People can find a hundred ways to say the same thing, which poses a challenge to robots that are expected to keep up their end of conversations. A Disney Research team’s solution is to devise an automated method of crowdsourcing multiple lines of dialogue. After all, “hello” is a perfectly fine greeting, but not every time you see someone.
The team developed a persistent interactive personality, or PIP, that can translate high-level goals and variables into simple narratives, effectively summarizing situations it will find itself in. PIP then autonomously presents the descriptions to crowd workers to elicit appropriate speech for the context. These workers are each tasked with writing a single line of character dialogue, or describing a non-verbal behavior associated with a line of dialogue.
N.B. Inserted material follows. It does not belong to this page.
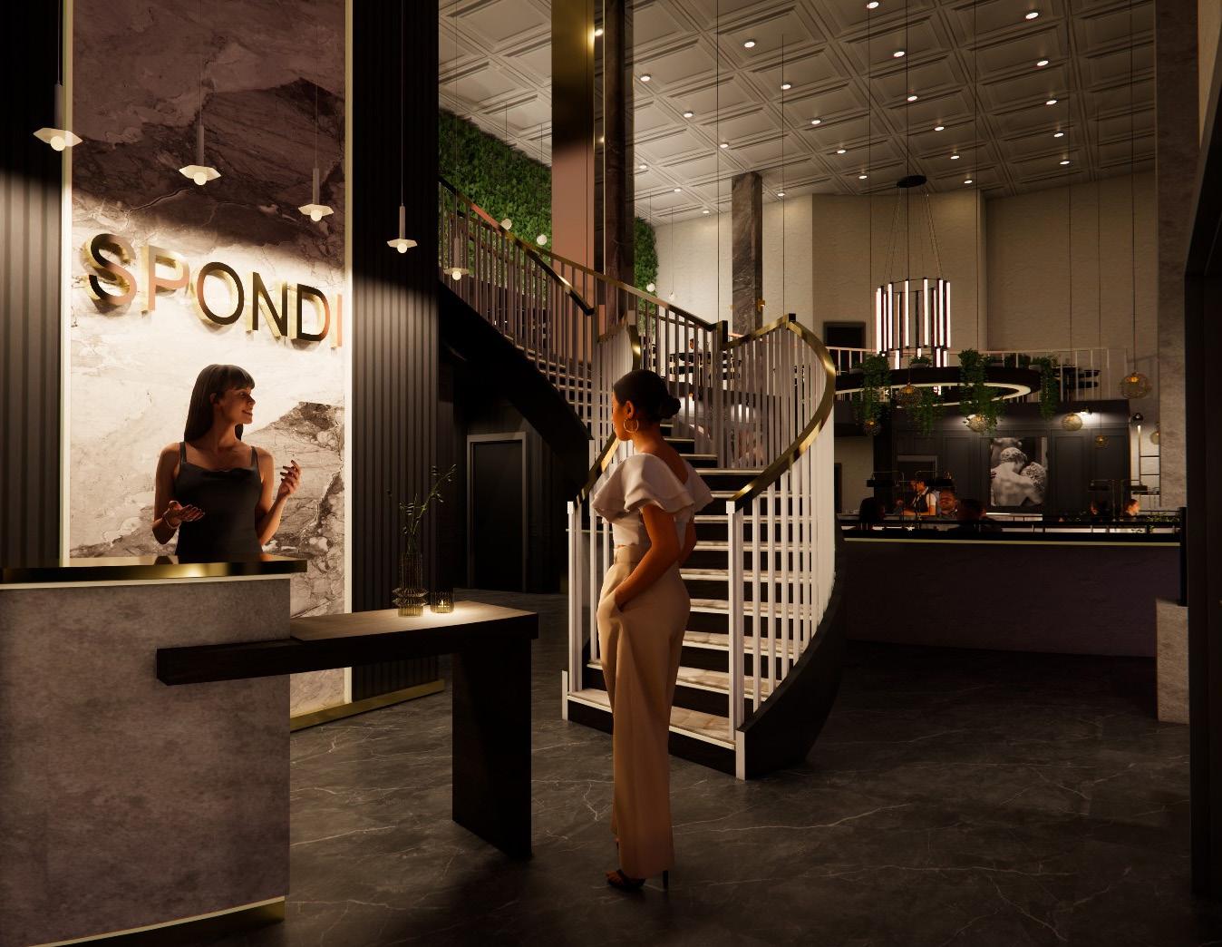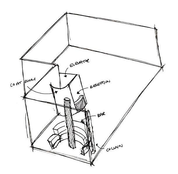 The re-branded restaurant, Spondi, draws inspiration from the architectural form of Greek amphitheatres and the dark and moody feelings of tragic Greek plays. The concept of “spectacle” refers to the observation of chefs and bartenders, like the experience of watching a Greek play. Curvilinear forms play a large role in the architectural elements and furniture and is used as a wayfinding technique.

Other crowd workers then evaluate the lines, suggesting which ones should be discarded as nonsense and scoring the ones judged acceptable.
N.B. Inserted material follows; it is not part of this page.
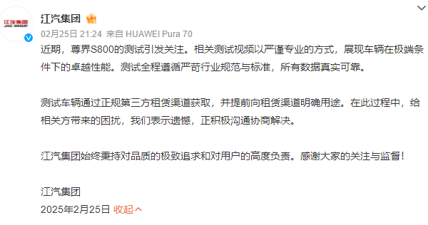 一时间尊界再被卷入舆论漩涡。针对本次“租车测试”风波,江汽集团2月25日发表声明称,相关测试车辆通过正规第三方租赁渠道获取,并提前向租赁渠道明确用途。企业对相关方带来的困扰表示遗憾,正积极沟通协商解决。

The method can quickly generate a wide variety of expressions that are meaningful in the particular situations the robot will find itself in, said Jill Fain Lehman, senior research scientist at Disney Research, and provides a way of incrementally and continually updating the robot’s dialogue.
The researchers will present the method at the International Conference on Multimodal Interaction Nov. 12-16 in Tokyo.
For instance, if a robot named Martin is running a trivia contest, such a narrative might say, “The player has answered most of the questions right so far. This time, the player answers wrong. Martin says…” Possible answers could be: “Sorry, you broke your streak” or “Nice try, but that’s incorrect” or “You’re still doing pretty well overall.”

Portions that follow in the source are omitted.